Provisions

— Ou tu vas avec un gros caddie comme ça, ça va rentrer dans ton auto ? Tu fais tes commissions du mois maintenant ?
— D’abord, on ne dit plus commission, mais courses. Commission c’est vulgaire ! Ne t’en fais pas mon auto, c’est un vrai catchak charlie, en serrant bien, tu peux faire entrer beaucoup de choses.
— Tu fais tes commiss… pardon, tes courses deux fois par mois maintenant ?
— Non, j’ai fini de faire mes courses du mois. Tu te rappelles pas qu’on a fait ça ensemble la dernière fois.
— C’est vrai, et on est venu ici même. Mais si tu as fini pourquoi tu achètes encore cette quantité d’affaires-là. Tu vas recevoir toute ta famille ?
— Non, on ne va recevoir personne et encore moins ma famille. On les reçoit une fois par an, et ils ne sont jamais contents. Tu sais comme ils sont : la viande n’est pas assez cuite et les légumes trop cuits. Il faut toujours qu’ils tirent l’ail avec ce que je fais !

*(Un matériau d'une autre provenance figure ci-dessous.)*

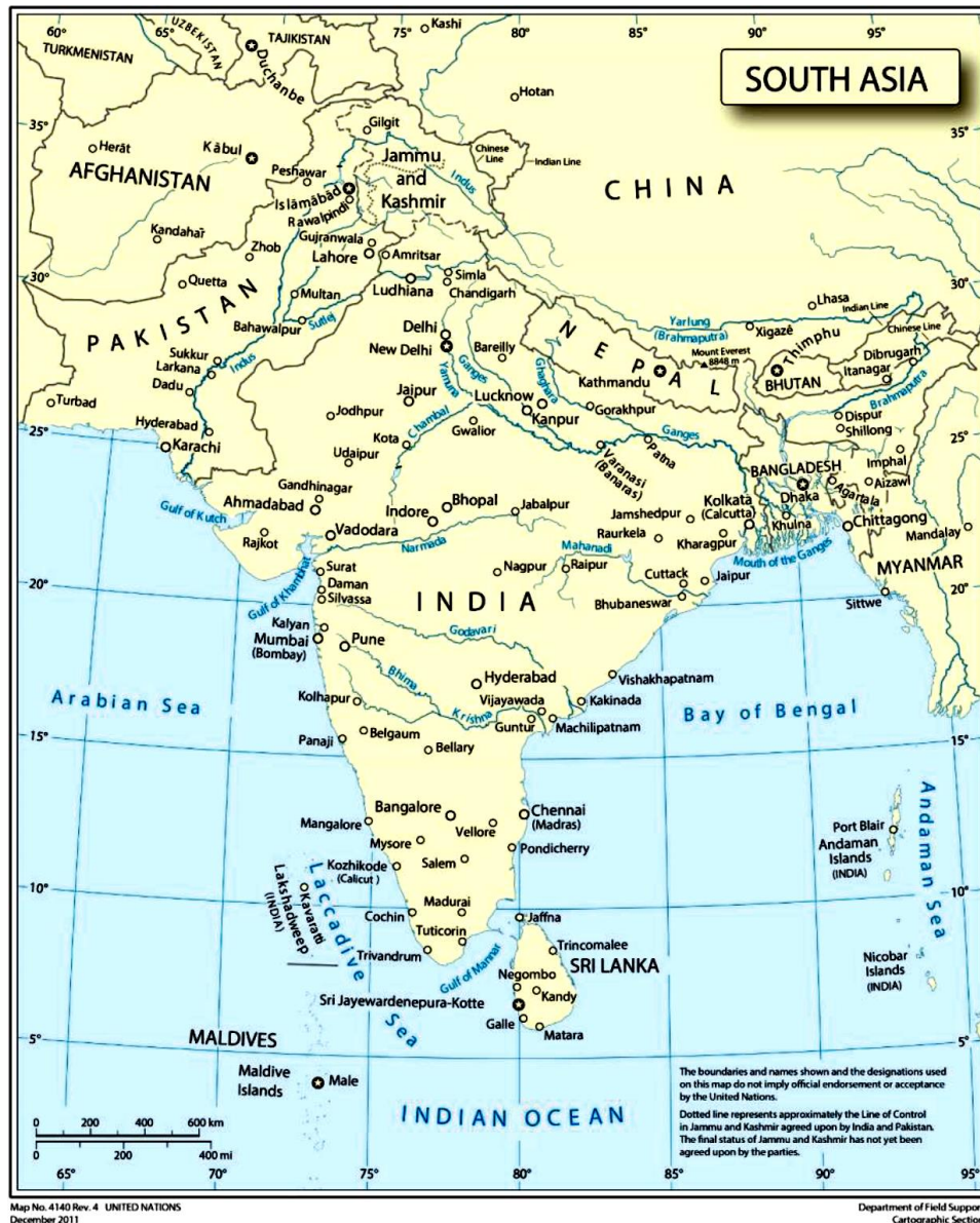
Figure 1. Map of South Asia.

such as the National Crime Records Bureau as well as international agencies like UNODC (United Nations Office on Drugs and Crime).
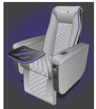
Illustration: Jan Seidl
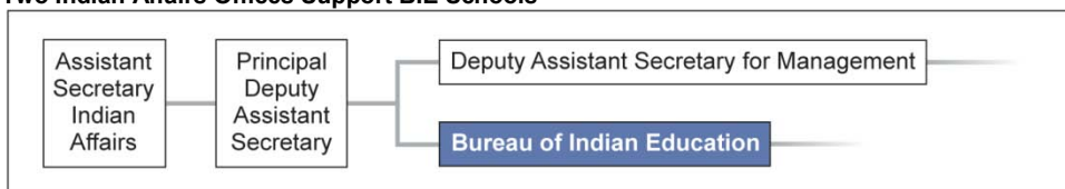
Two Indian Affairs Offices Support BIE Schools
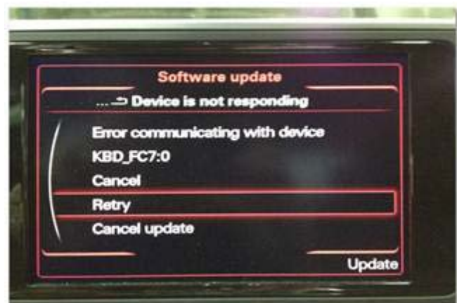
Figure 6. A device requiring a 'Cancel' selection.

Some earlier model year 2012 vehicles, or vehicles equipped with Bose® sound systems may experience certain modules that will not update properly during Step 16 of TSB 2028141. If this should occur, either choose 'Cancel' (Figure 6), or 'Skip device' (Figure 7), depending on the type of error. Do not choose 'Cancel update', as this may cause the software update to fail entirely. After the update is finished and the summary page is shown, select 'Retry' at the bottom of the list if it is available to attempt to update the modules again. If 'Retry' is greyed out, then the software update was successful. Select 'Continue' to proceed. In some cases 'Retry' may have to be repeated two or three times to get all modules to update successfully.

— Si c’est pas pour recevoir… alors tu prends des précautions à cause des menaces comme les centres commerciaux ?
— Tu vas croire toi-même !
—… ne dis pas ça fort comme ça… tu sais qu’on dit qu’ils sont dangereux.

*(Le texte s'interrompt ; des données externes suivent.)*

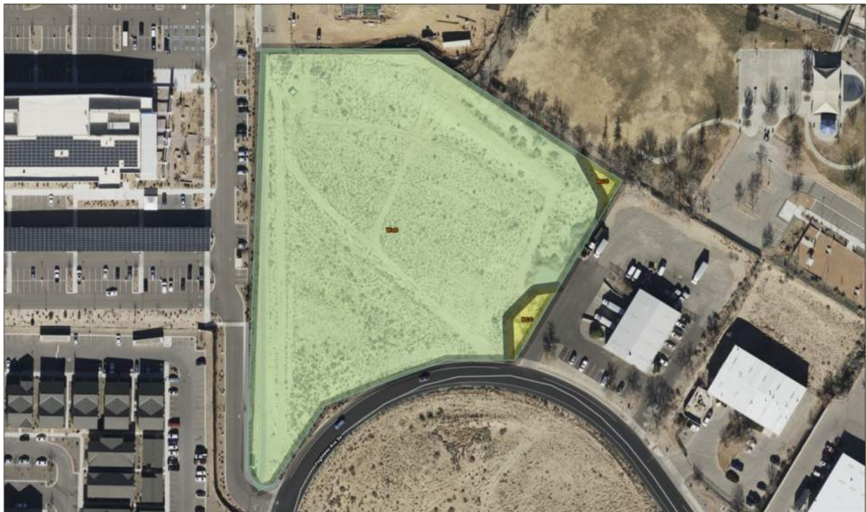
Figure 1.9 Area of Interest

Soil Type (NRCS Web Soil Survey): Area of interest is primarily considered to be Wink fine sandy loam, 0 to 5 percent slopes. Average K Factor of 0.28 per NRCS Web Soil Survey. See Figure 1.9 below.
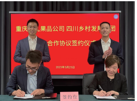
Signing ceremony of cooperative projects with governments in the premium places of origin of domestic fruits
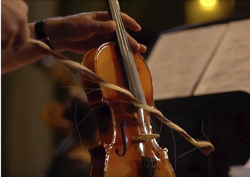
Figure 5 Guiro bow and violin. See video. 31

Appearance, behaviour, voice. This creature is hard to pin down: it is spread out, in-and-amongst, here-and-there. Like others in this bestiary, it is real and imagined: mycelia are simultaneously a type of living organism – a fungal colony that composts other organic matter, sometimes in symbiosis with plants – and an imagined musical entity (and the title of a movement) in Lim's How Forests Think . Its voices are, accordingly, divergent: as organism, it is silent (at least to human ears); as music, its sounds are many and varied. This distributed identity is given life through a series of analogies, which draw likenesses between apparently separate things. First, the collectivity of the
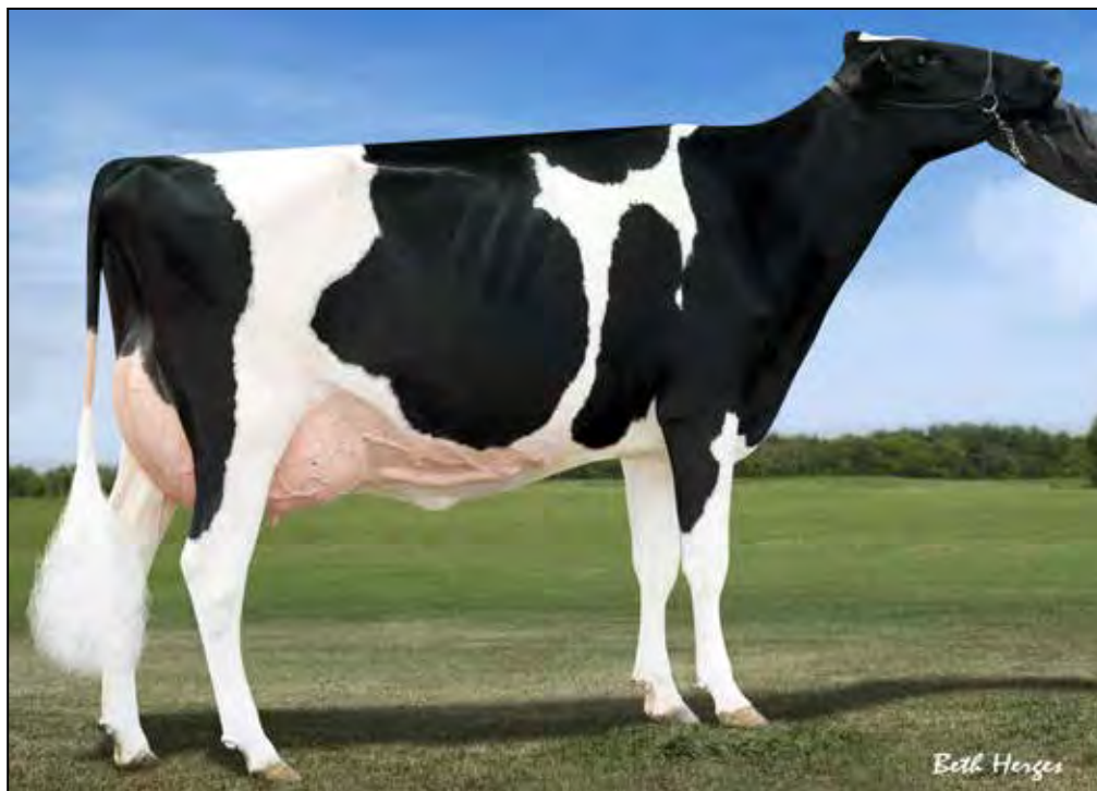
COOLEA FARMS SANCHEZ LIZA-ET EX-93 EEEEE 2E 2ND DAM OF LOT 12

— Il suffit de ne pas les prendre compte, de ne pas leur donner l’importance qu’ils ne méritent pas, c’est tout.
— Oui, mais tu sais… ailleurs…
— Ailleurs ce n’est pas ici. On ne va tout de même pas laisser une toute petite poignée de fanatiques diriger le pays tout de même ! S’ils ne sont pas contents avec la vie d’ici ils n’ont qu’à aller vivre dans le pays qui leur convient. Point à la ligne !
— Hé toi là ! Ne cause pas fort comme ça. Taleure tu vas nous faire avoir des ennuis.

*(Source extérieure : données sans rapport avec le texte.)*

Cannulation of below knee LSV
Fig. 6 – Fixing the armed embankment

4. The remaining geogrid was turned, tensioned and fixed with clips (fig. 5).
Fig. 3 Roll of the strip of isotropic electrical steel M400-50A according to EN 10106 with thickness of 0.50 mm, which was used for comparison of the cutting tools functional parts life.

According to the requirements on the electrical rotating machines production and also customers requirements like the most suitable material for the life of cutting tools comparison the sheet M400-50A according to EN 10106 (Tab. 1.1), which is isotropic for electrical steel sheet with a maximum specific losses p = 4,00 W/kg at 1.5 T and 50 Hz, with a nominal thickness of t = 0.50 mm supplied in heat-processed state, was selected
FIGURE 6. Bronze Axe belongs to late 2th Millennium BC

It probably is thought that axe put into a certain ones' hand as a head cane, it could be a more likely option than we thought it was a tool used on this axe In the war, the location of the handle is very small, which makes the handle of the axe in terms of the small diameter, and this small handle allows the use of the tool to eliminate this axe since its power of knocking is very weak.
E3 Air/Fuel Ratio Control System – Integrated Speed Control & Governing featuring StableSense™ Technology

— On est dans un pays démocratique ici, pas dans un Etat je ne sais pas quoi, tout de même ! Tu sais quel est notre problème ici ?
— Aio, je te dis de baisser ton volume. Tu n’es pas en train de faire un meeting ou une promotion à la radio. Cause doucement, je te dis !
— C’est parce que la majorité des gens comme nous ne cause pas fort pour dire ce qu’il faut que les petits groupes font leur mari avec nous. Si on disait stop bien fort, si les autorités faisaient leur travail comme il faut, il y aurait moins de problèmes dans ce pays, je te dis.
— Aio… reste un peu tranquille, foutour va ! Il ne faut pas gratter le dos du malheur, comme on dit.
— Il ne faut surtout pas démissionner, prendre ses responsabilités et enfin appeler un chat un chat. C’est parce que les gens comme nous, la majorité reste tranquille dans son coin, que les petits groupes se permettent de menacer.
— Aio, changeons de conversation, s’il te plaît. Dis-moi un coup : tes cousins d’Australie sont déjà repartis.
— Tu sais très bien qu’ils sont là jusqu’à la fin du mois. N’essaye pas de jouer bourrer avec moi. Il faut arrêter de laisser les autres de décider pour nous. Puisque le gouvernement…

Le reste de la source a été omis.